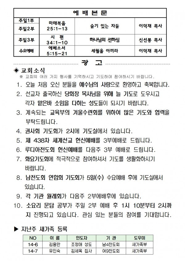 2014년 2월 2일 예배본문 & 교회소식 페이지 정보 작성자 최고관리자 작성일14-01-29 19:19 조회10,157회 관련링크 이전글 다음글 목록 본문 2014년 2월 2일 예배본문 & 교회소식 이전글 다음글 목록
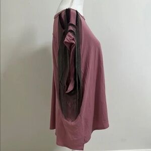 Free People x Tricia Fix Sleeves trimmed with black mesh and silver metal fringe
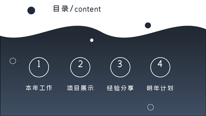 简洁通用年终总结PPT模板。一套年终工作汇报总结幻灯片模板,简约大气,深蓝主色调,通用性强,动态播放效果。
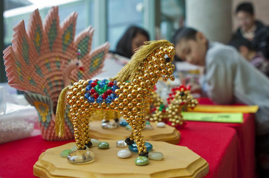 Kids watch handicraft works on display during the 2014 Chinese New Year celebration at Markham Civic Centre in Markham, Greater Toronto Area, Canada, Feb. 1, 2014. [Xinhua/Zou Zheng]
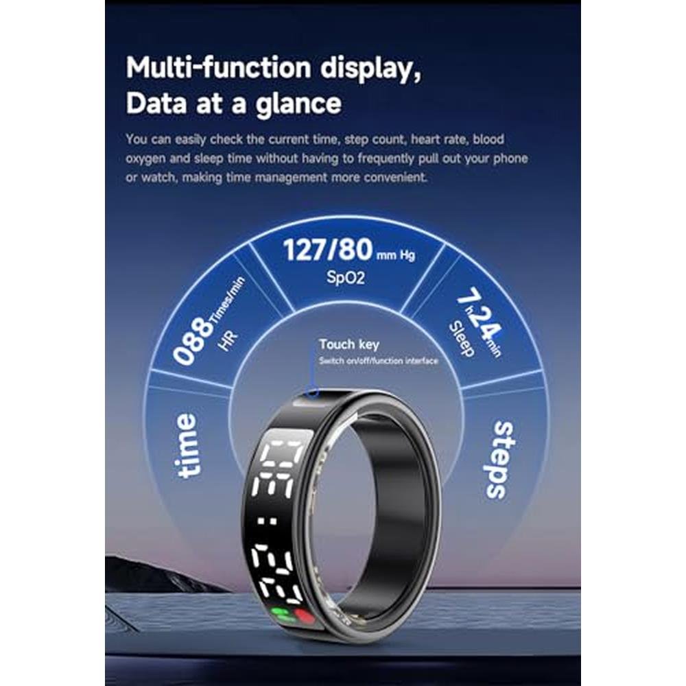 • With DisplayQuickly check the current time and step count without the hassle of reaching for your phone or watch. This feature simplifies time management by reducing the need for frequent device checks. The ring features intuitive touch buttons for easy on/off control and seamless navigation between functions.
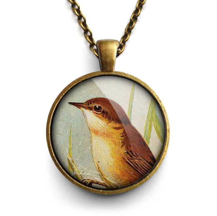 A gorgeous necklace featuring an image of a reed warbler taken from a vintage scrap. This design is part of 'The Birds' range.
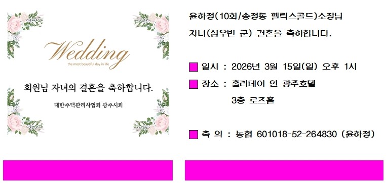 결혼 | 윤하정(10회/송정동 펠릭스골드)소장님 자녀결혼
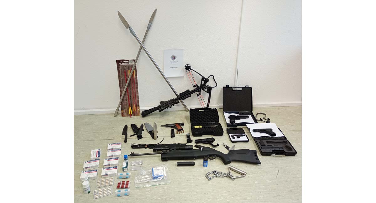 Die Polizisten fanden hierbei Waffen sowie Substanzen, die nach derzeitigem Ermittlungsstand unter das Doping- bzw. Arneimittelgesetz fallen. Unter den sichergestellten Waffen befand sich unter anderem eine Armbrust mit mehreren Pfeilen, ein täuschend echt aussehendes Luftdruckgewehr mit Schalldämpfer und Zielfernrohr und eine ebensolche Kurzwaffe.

- - -

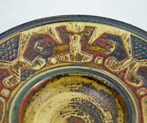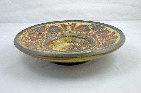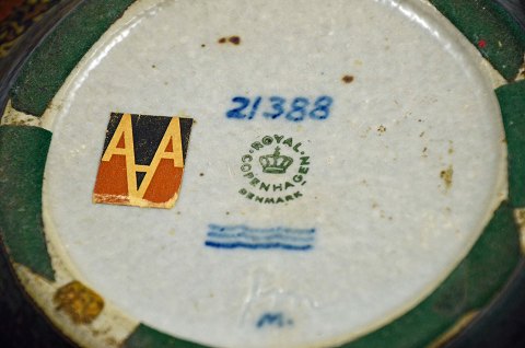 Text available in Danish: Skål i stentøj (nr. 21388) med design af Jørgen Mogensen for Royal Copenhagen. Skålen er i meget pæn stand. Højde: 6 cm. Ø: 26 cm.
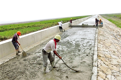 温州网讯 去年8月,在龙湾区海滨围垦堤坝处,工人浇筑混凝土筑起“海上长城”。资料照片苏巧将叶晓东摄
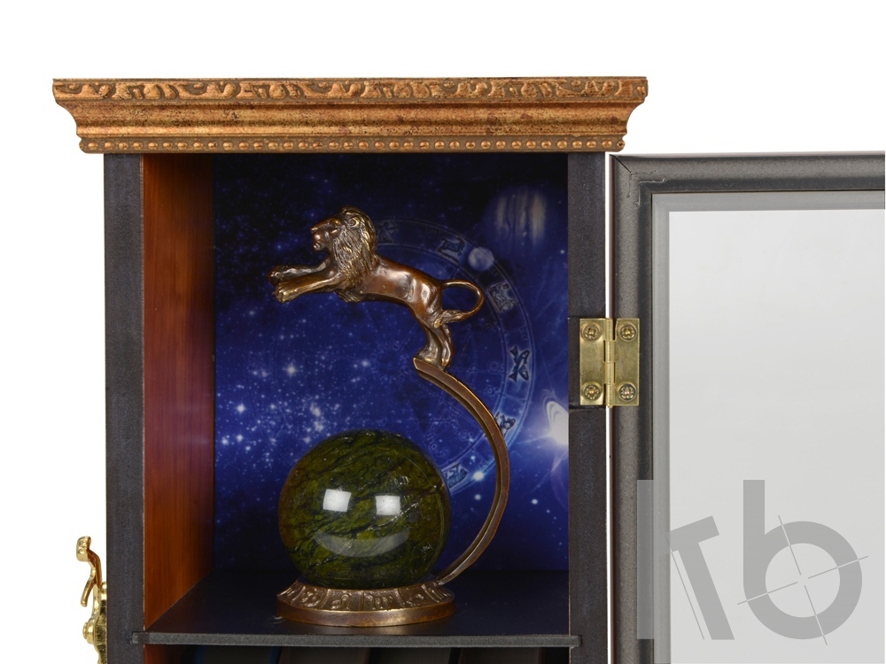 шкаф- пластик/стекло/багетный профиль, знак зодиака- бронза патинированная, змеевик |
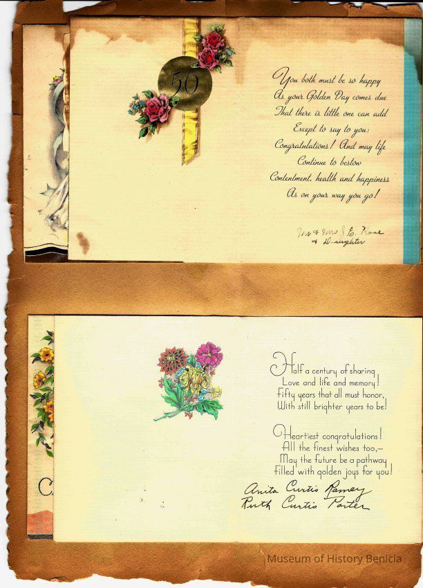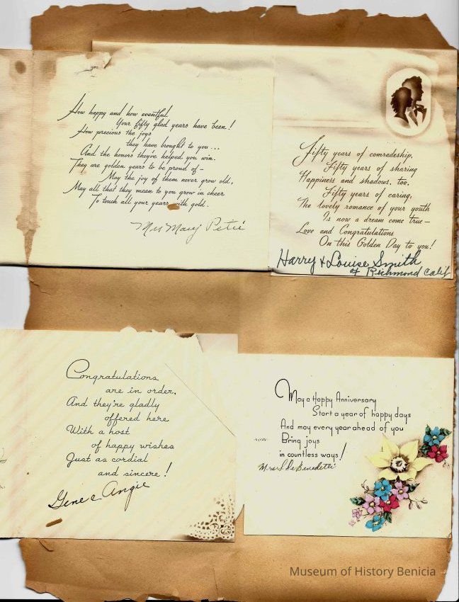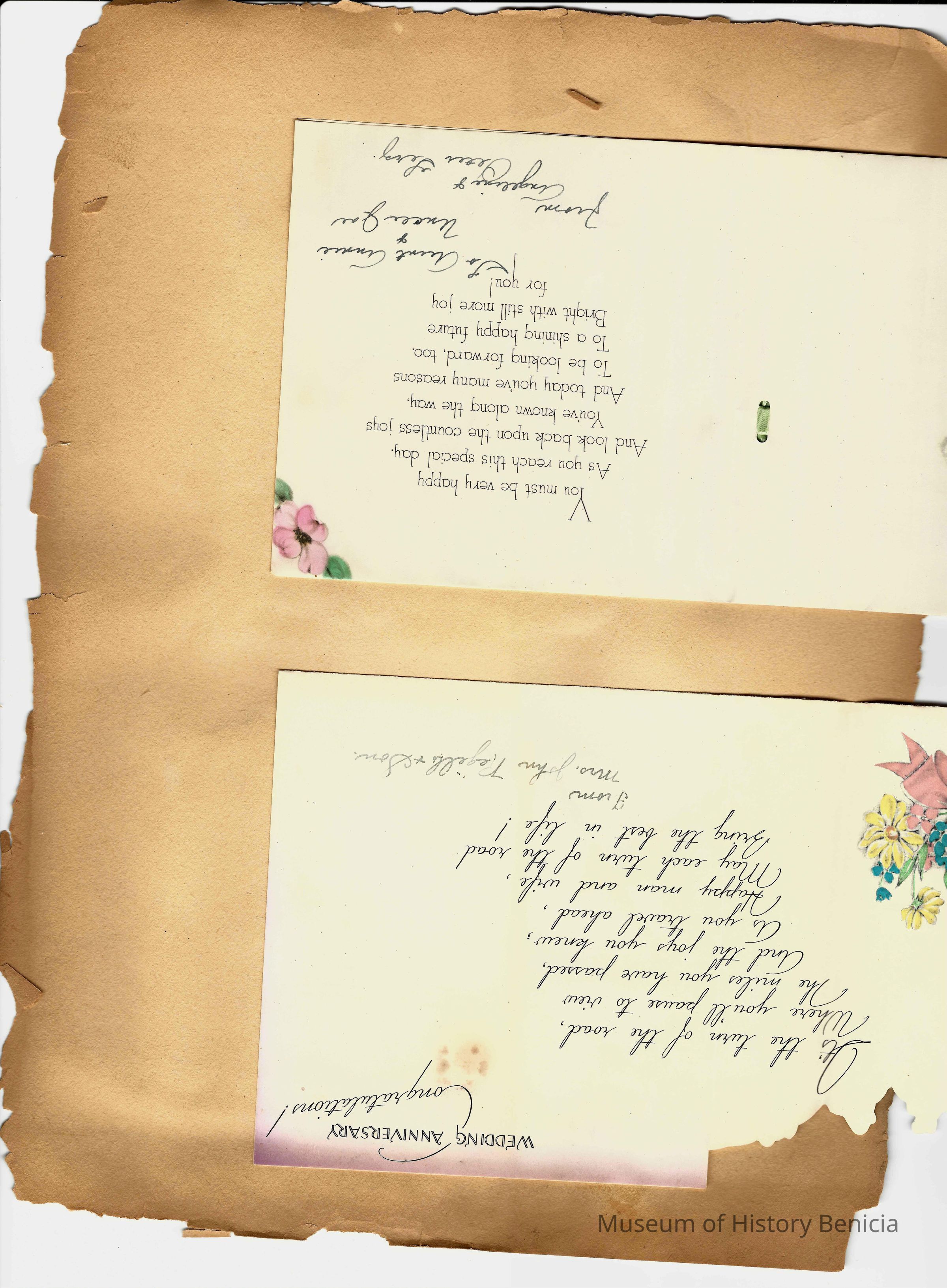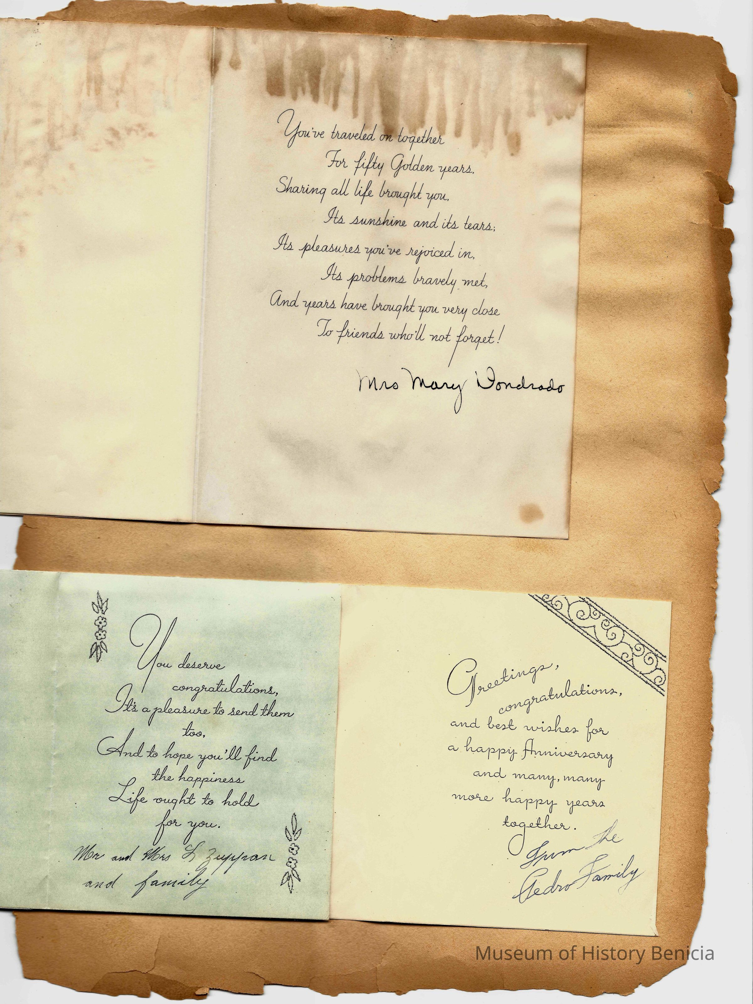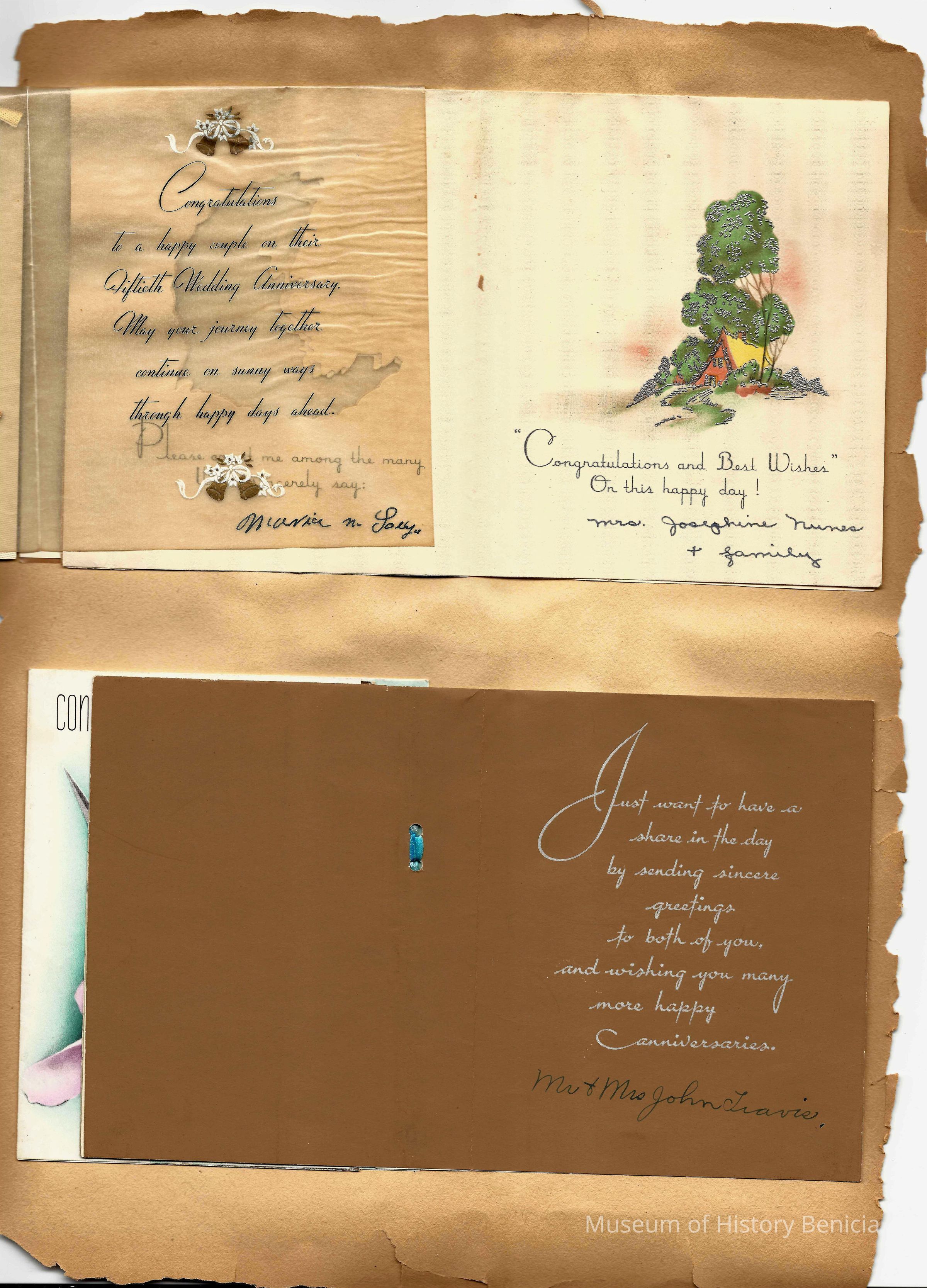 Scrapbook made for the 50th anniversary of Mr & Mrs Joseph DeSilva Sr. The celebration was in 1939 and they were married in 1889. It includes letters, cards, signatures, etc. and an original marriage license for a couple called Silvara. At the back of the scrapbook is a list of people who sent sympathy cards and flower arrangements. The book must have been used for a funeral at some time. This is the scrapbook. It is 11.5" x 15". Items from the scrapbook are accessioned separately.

- - -

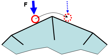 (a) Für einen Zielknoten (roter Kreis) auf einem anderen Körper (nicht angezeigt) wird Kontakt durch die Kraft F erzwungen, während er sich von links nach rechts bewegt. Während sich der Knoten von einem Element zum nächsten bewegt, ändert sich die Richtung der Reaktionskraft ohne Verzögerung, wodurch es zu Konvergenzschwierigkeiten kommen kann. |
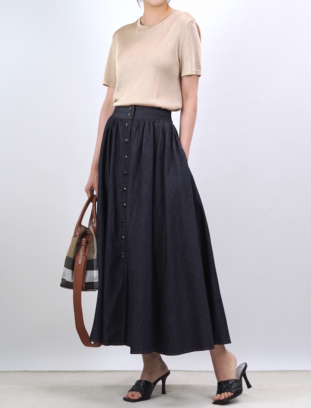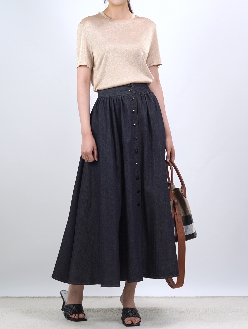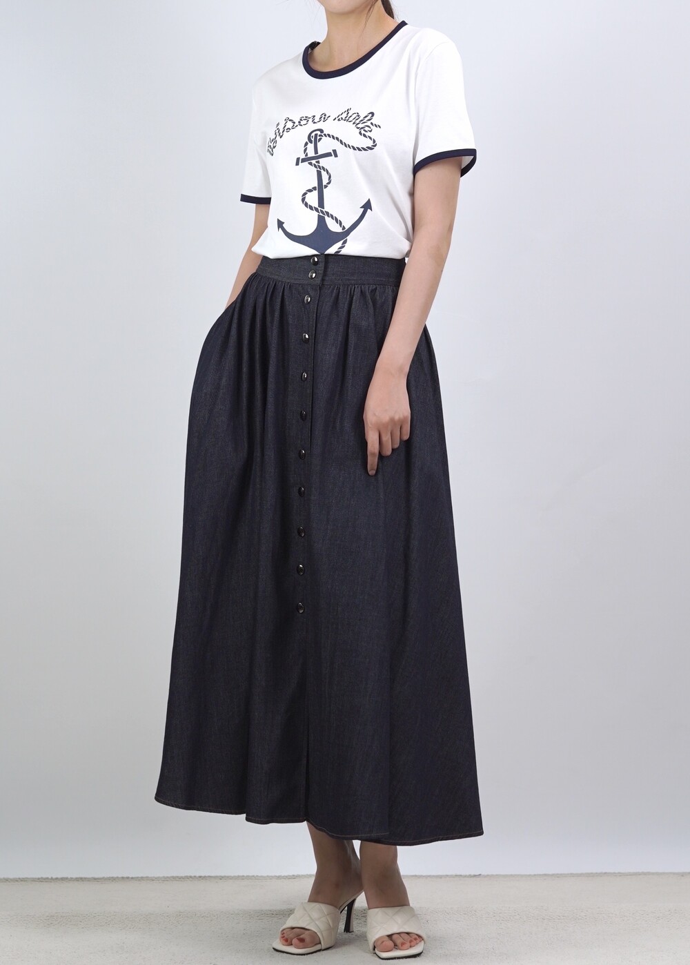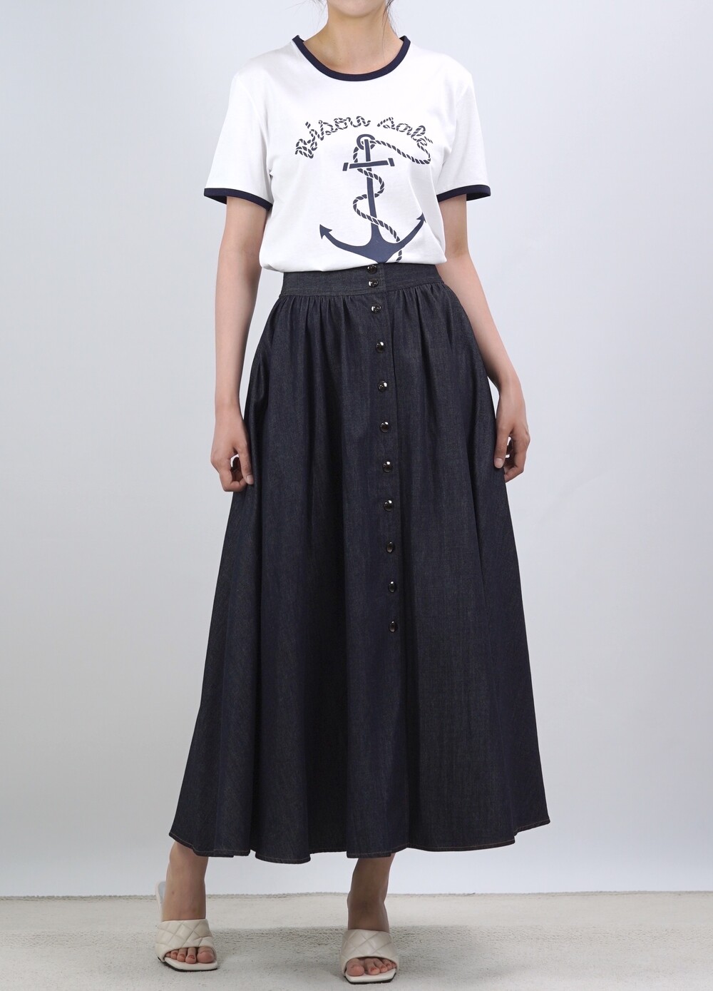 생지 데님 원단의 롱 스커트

- - -

● **What this task involves**:
Go back to the listing above and write out the lines starting at the one with "Text available in" and ending at the one with "温州网讯 去年8月,在龙湾区", inclusive, exactly and without pictures.

● **Expected output**:
 Text available in Danish: Skål i stentøj (nr. 21388) med design af Jørgen Mogensen for Royal Copenhagen. Skålen er i meget pæn stand. Højde: 6 cm. Ø: 26 cm.
 温州网讯 去年8月,在龙湾区海滨围垦堤坝处,工人浇筑混凝土筑起“海上长城”。资料照片苏巧将叶晓东摄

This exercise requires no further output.